This Python class provides a secure interface for executing commands inside containers. It applies resource limits before execution and handles timeouts to prevent hanging processes.

File: process-manager.py

#!/usr/bin/env python3
"""
Secure process execution manager
"""

import os
import subprocess
import resource
import signal
from typing import List, Dict

class SecureProcessManager:
    def __init__(self,
                 max_memory_mb: int = 4096,
                 max_cpu_time_sec: int = 300,
                 max_processes: int = 100):
        self.max_memory = max_memory_mb * 1024 * 1024
        self.max_cpu_time = max_cpu_time_sec
        self.max_processes = max_processes

    def set_limits(self):
        """Set resource limits before process execution"""
        # Memory limit
        resource.setrlimit(
            resource.RLIMIT_AS,
            (self.max_memory, self.max_memory)
        )

        # CPU time limit
        resource.setrlimit(
            resource.RLIMIT_CPU,
            (self.max_cpu_time, self.max_cpu_time)
        )

        # Process/thread limit
        resource.setrlimit(
            resource.RLIMIT_NPROC,
            (self.max_processes, self.max_processes)
        )

        # File descriptor limit
        resource.setrlimit(
            resource.RLIMIT_NOFILE,
            (20000, 20000)
        )

        # File size limit (prevent large files)
        resource.setrlimit(
            resource.RLIMIT_FSIZE,
            (100 * 1024 * 1024, 100 * 1024 * 1024)  # 100MB
        )

    def execute_command(self,
                       cmd: List[str],
                       env: Dict[str, str] = None,
                       timeout: int = 30) -> Dict:
        """Execute command with security constraints"""

        try:
            # Create restricted environment
            safe_env = {
                'PATH': '/usr/local/bin:/usr/bin:/bin',
                'HOME': '/home/developer',
                'USER': 'developer',
                'SHELL': '/bin/bash'
            }
            if env:
                safe_env.update(env)

            # Execute with preexec_fn to set limits
            proc = subprocess.Popen(
                cmd,
                stdout=subprocess.PIPE,
                stderr=subprocess.PIPE,
                env=safe_env,
                preexec_fn=self.set_limits,
                start_new_session=True  # Create new process group
            )

            # Wait with timeout
            try:
                stdout, stderr = proc.communicate(timeout=timeout)
                return {
                    'returncode': proc.returncode,
                    'stdout': stdout.decode('utf-8', errors='replace'),
                    'stderr': stderr.decode('utf-8', errors='replace')
                }
            except subprocess.TimeoutExpired:
                # Kill entire process group
                os.killpg(os.getpgid(proc.pid), signal.SIGKILL)
                return {
                    'returncode': -1,
                    'stdout': '',
                    'stderr': 'Process killed: timeout exceeded'
                }

        except Exception as e:
            return {
                'returncode': -1,
                'stdout': '',
                'stderr': f'Execution error: {str(e)}'
            }

# Usage
if __name__ == '__main__':
    manager = SecureProcessManager()
    result = manager.execute_command(['python3', 'user_script.py'])
    print(f"Exit code: {result['returncode']}")
    print(f"Output: {result['stdout']}")

Seccomp Configuration

Seccomp (secure computing mode) filters which system calls a container can make. This profile allows only the syscalls needed for typical applications while blocking dangerous calls that could lead to privilege escalation or container escape.
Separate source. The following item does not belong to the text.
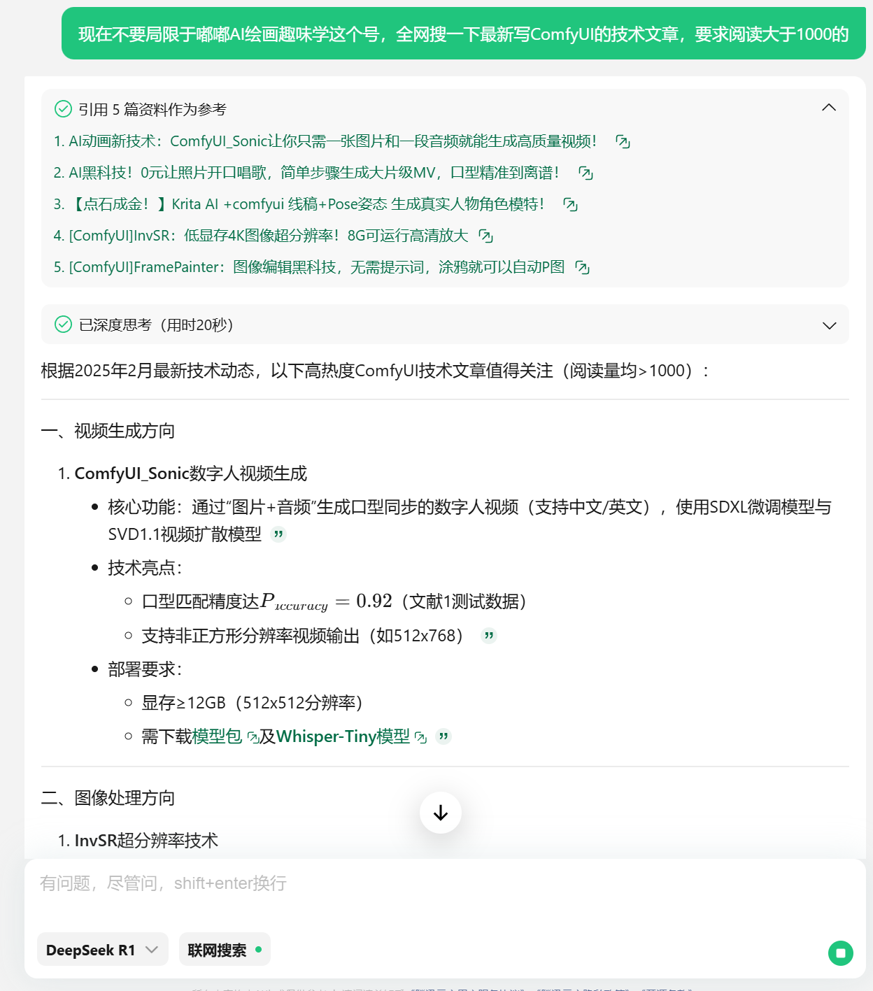 这真的是解决了我最近碰到的一个大问题,就是想要快速精准的搜索一个技术,比如嘟嘟我经常学ComfyUI,关注了很多博主公众号,有时候我要精准找一个技术的使用,就得去慢慢的翻某个博主的公众号,这一翻找就要好久,现在有了DeepSeek-R1满血版的腾讯元宝,直接帮我节省了许多时间。

File: /etc/docker/seccomp/sandbox-profile.json

{
  "defaultAction": "SCMP_ACT_ERRNO",
  "architectures": ["SCMP_ARCH_X86_64", "SCMP_ARCH_X86", "SCMP_ARCH_X32"],
  "syscalls": [
    {
      "names": [
        "accept",
        "access",
        "alarm",
        "bind",
        "brk",
        "chdir",
        "chmod",
        "chown",
        "clone",
        "close",
        "connect",
        "creat",
        "dup",
        "dup2",
        "execve",
        "exit",
        "fchmod",
        "fchdir",
        "fchown",
        "fcntl",
        "fdatasync",
        "flock",
        "fork",
        "fstat",
        "fsync",
        "ftruncate",
        "getcwd",
        "getdents",
        "getegid",
        "geteuid",
        "getgid",
        "getgroups",
        "getitimer",
        "getpeername",
        "getpgid",
        "getpgrp",
        "getpid",
        "getppid",
        "getresgid",
        "getresuid",
        "getrlimit",
        "getrusage",
        "getsockname",
        "getsockopt",
        "gettimeofday",
        "getuid",
        "ioctl",
        "kill",
        "lchown",
        "link",
        "listen",
        "lseek",
        "lstat",
        "madvise",
        "mkdir",
        "mincore",
        "mmap",
        "mprotect",
        "mremap",
        "msync",
        "munmap",
        "nanosleep",
        "open",
        "pause",
        "pipe",
        "poll",
        "pread64",
        "ptrace",
        "pwrite64",
        "read",
        "readlink",
        "readv",
        "recvfrom",
        "recvmsg",
        "rename",
        "rmdir",
        "rt_sigaction",
        "rt_sigprocmask",
        "rt_sigreturn",
        "sched_yield",
        "select",
        "sendfile",
        "sendmsg",
        "sendto",
        "setfsgid",
        "setfsuid",
        "setgid",
        "setgroups",
        "setitimer",
        "setpgid",
        "setregid",
        "setresgid",
        "setresuid",
        "setreuid",
        "setsid",
        "setsockopt",
        "setuid",
        "shmat",
        "shmctl",
        "shmget",
        "shutdown",
        "socket",
        "socketpair",
        "stat",
        "symlink",
        "sysinfo",
        "times",
        "truncate",
        "umask",
        "uname",
        "unlink",
        "vfork",
        "wait4",
        "write",
        "writev"
      ],
      "action": "SCMP_ACT_ALLOW"
    }
  ]
}

Apply seccomp profile:

After creating the seccomp profile, apply it to containers using the --security-opt flag. This restricts the container to only the allowed syscalls in the profile.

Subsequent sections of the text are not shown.